The notebook is for pipeline all data preparation of the football match data

In [40]:
import re
import pandas as pd
import os
import numpy as np
from csv import reader
import plotly.express as px
import missingno as msno
import pickle

from sklearn.model_selection import train_test_split
from sklearn.model_selection import KFold
from sklearn.linear_model import LogisticRegression

pd.options.mode.chained_assignment = None

In [41]:
# define recent matches meaning
RECENT_PREFORMANCE_MATCH_COUNT = 3

Functions to get total goals so far for home team and away team in each game. The dataframe will call the apply() so that it will loop all records in the dataframe. And it will filter all records which round < current round and seperated with home and away for each team. The filter records then can calculate home total goals and away total goals

In [42]:
def getLeagueSeasonTeamBeforeRoundTotalGoal(data, league, season, team, round):
    # determine home or away and get the score 
    # get home game of the team
    home_pd = data[(data["League"]==league) & (data["Home_Team"]==team) & (data["Season"]==season) & (data["Round"]<round)]
    home_total_score = home_pd['Home_Score'].astype('Int64').sum()

    # get away game of the team
    away_pd = data[(data["League"]==league) & (data["Away_Team"]==team) & (data["Season"]==season) & (data["Round"]<round)]
    away_total_score = home_pd['Away_Score'].astype('Int64').sum()

    # calculate total goals
    return home_total_score, away_total_score


def fillWithTotalGoalSoFar(record, data):
    # get home team and away team and round
    league = record['League']
    season = record['Season']
    round = record['Round']
    hteam = record['Home_Team']
    ateam = record['Away_Team']
    
    hometeam_home_goal_so_far, hometeam_away_goal_so_far = getLeagueSeasonTeamBeforeRoundTotalGoal(data, league, season, hteam, round)
    awayteam_home_goal_so_far, awayteam_away_goal_so_far = getLeagueSeasonTeamBeforeRoundTotalGoal(data, league, season, ateam, round)

    return [hometeam_home_goal_so_far, hometeam_away_goal_so_far, awayteam_home_goal_so_far, awayteam_away_goal_so_far]

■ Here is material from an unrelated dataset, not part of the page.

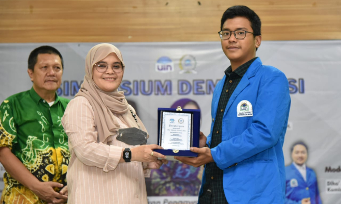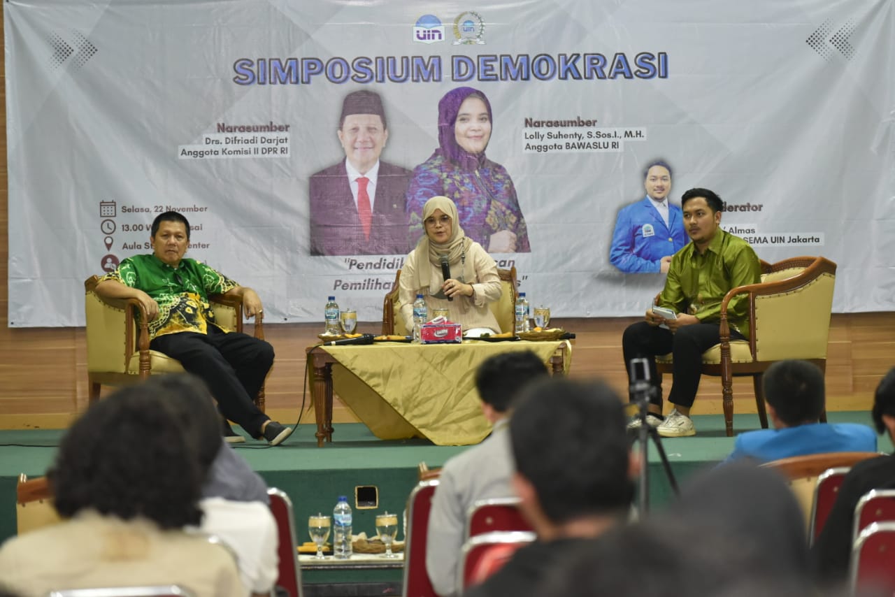 Anggota Bawaslu Lolly Suhenty menjadi narasumber dalam Simposiun Demokrasi: Pendidikan Pengawasan Pemilu di Aula Student Center UIN Syarif Hidayatullah Jakarta, Selasa (22/11/2022). Foto: Publikasi dan Pemberitaan Bawaslu RI

Function to get recent performance with apply() similarly

In [43]:
def findRecentPreviousRounds(currentRound, limit):
    if currentRound<=limit:
        return None
    else:
        r = []
        for l in range(limit):
            r.append(currentRound - (limit-l))
        return r


def findLeagueSeasonTeamRecentPreviousRounds(data, league, season, team, round):
    rounds = findRecentPreviousRounds(round, RECENT_PREFORMANCE_MATCH_COUNT)         # can change for optimization
    if rounds is None:
        return None

    previous_matches_pd =  data[(data["League"]==league) & ((data["Home_Team"]==team) | (data["Away_Team"]==team)) & (data["Season"]==season) & (data["Round"].isin(rounds))]
    recent_perf = 0
    for index, row in previous_matches_pd.iterrows():
        hteam = row['Home_Team']
        ateam = row['Away_Team']
        if hteam==team:
            recent_perf = recent_perf + (row['Home_Score']-row['Away_Score'])
        else:
            recent_perf = recent_perf + (row['Away_Score']-row['Home_Score'])

    return recent_perf


def fillWithRecentPerformance(record, data):
    # get home team and away team and round
    league = record['League']
    season = record['Season']
    round = record['Round']
    hteam = record['Home_Team']
    ateam = record['Away_Team']
    
    home_team_goal_diff = findLeagueSeasonTeamRecentPreviousRounds(data, league, season, hteam, round)
    away_team_goal_diff = findLeagueSeasonTeamRecentPreviousRounds(data, league, season, ateam, round)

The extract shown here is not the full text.